- **WHAT YOU SHOULD DO**:
Give all the lines below again, exactly, with no pictures.

- **DATA EXCERPT**:
● ● ●
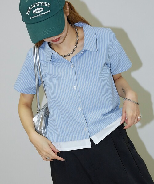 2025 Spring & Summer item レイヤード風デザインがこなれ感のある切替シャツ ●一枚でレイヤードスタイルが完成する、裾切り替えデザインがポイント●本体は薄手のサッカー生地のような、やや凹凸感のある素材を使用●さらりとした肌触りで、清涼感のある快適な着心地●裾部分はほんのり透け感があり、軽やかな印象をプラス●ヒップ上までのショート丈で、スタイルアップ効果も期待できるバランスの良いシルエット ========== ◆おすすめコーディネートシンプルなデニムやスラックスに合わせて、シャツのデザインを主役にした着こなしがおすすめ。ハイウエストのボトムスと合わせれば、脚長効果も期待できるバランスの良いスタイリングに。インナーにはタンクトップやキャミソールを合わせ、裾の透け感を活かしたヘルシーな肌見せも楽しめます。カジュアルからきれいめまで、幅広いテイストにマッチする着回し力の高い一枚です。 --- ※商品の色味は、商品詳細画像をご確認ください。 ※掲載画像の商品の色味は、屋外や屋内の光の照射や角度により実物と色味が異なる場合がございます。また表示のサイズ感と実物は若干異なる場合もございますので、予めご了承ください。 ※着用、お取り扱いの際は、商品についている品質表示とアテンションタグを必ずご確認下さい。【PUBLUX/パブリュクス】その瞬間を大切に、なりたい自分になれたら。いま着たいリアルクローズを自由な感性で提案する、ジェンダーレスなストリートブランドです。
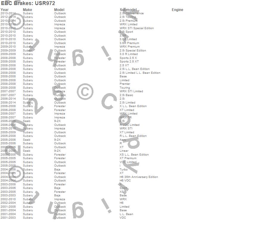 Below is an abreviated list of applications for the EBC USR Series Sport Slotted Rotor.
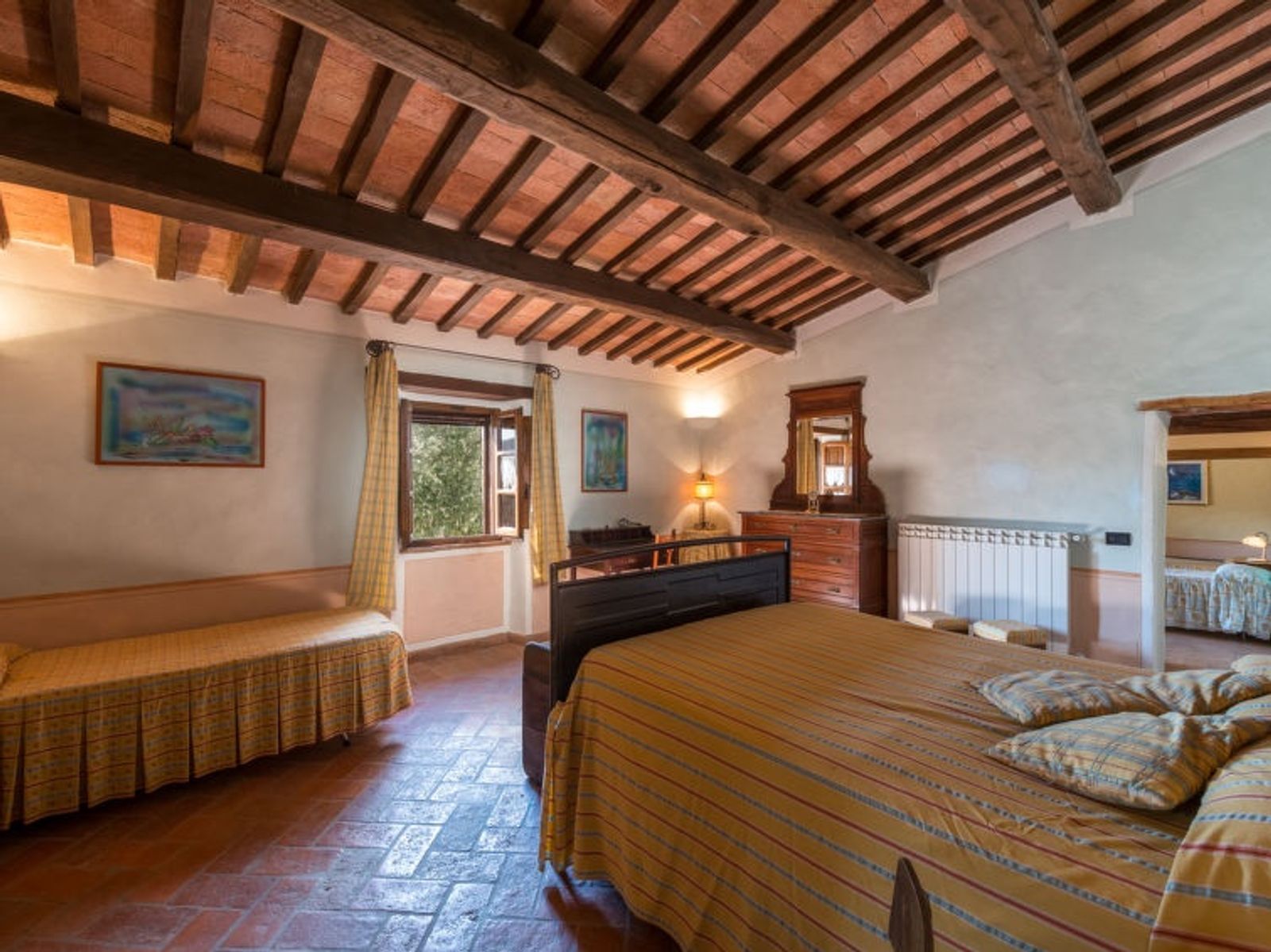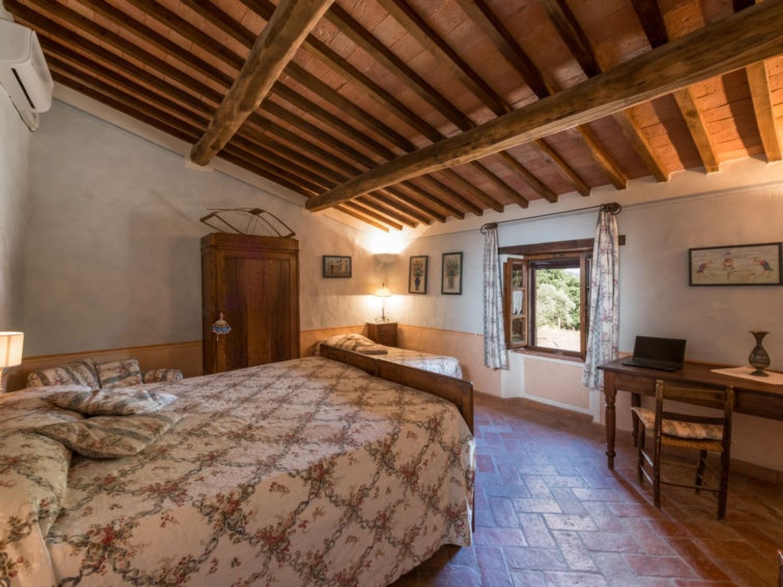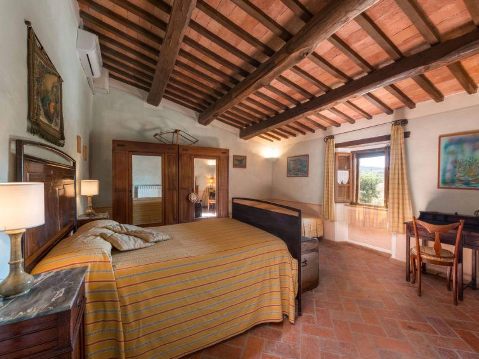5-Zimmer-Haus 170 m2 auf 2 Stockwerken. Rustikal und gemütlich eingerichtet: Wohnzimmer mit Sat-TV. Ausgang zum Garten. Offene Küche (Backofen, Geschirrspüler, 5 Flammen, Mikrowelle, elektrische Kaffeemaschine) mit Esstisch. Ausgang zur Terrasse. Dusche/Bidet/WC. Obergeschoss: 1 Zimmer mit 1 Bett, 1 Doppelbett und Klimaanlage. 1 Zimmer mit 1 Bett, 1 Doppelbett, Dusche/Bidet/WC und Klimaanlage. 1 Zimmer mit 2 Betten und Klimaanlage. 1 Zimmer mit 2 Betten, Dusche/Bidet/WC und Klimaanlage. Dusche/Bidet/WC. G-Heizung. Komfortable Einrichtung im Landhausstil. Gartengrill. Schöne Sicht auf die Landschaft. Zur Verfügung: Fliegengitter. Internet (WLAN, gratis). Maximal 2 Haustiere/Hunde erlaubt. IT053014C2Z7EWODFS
● ● ●
- **SOLUTION FOR THIS EXERCISE**:
 2025 Spring & Summer item レイヤード風デザインがこなれ感のある切替シャツ ●一枚でレイヤードスタイルが完成する、裾切り替えデザインがポイント●本体は薄手のサッカー生地のような、やや凹凸感のある素材を使用●さらりとした肌触りで、清涼感のある快適な着心地●裾部分はほんのり透け感があり、軽やかな印象をプラス●ヒップ上までのショート丈で、スタイルアップ効果も期待できるバランスの良いシルエット ========== ◆おすすめコーディネートシンプルなデニムやスラックスに合わせて、シャツのデザインを主役にした着こなしがおすすめ。ハイウエストのボトムスと合わせれば、脚長効果も期待できるバランスの良いスタイリングに。インナーにはタンクトップやキャミソールを合わせ、裾の透け感を活かしたヘルシーな肌見せも楽しめます。カジュアルからきれいめまで、幅広いテイストにマッチする着回し力の高い一枚です。 --- ※商品の色味は、商品詳細画像をご確認ください。 ※掲載画像の商品の色味は、屋外や屋内の光の照射や角度により実物と色味が異なる場合がございます。また表示のサイズ感と実物は若干異なる場合もございますので、予めご了承ください。 ※着用、お取り扱いの際は、商品についている品質表示とアテンションタグを必ずご確認下さい。【PUBLUX/パブリュクス】その瞬間を大切に、なりたい自分になれたら。いま着たいリアルクローズを自由な感性で提案する、ジェンダーレスなストリートブランドです。
 Below is an abreviated list of applications for the EBC USR Series Sport Slotted Rotor.
5-Zimmer-Haus 170 m2 auf 2 Stockwerken. Rustikal und gemütlich eingerichtet: Wohnzimmer mit Sat-TV. Ausgang zum Garten. Offene Küche (Backofen, Geschirrspüler, 5 Flammen, Mikrowelle, elektrische Kaffeemaschine) mit Esstisch. Ausgang zur Terrasse. Dusche/Bidet/WC. Obergeschoss: 1 Zimmer mit 1 Bett, 1 Doppelbett und Klimaanlage. 1 Zimmer mit 1 Bett, 1 Doppelbett, Dusche/Bidet/WC und Klimaanlage. 1 Zimmer mit 2 Betten und Klimaanlage. 1 Zimmer mit 2 Betten, Dusche/Bidet/WC und Klimaanlage. Dusche/Bidet/WC. G-Heizung. Komfortable Einrichtung im Landhausstil. Gartengrill. Schöne Sicht auf die Landschaft. Zur Verfügung: Fliegengitter. Internet (WLAN, gratis). Maximal 2 Haustiere/Hunde erlaubt. IT053014C2Z7EWODFS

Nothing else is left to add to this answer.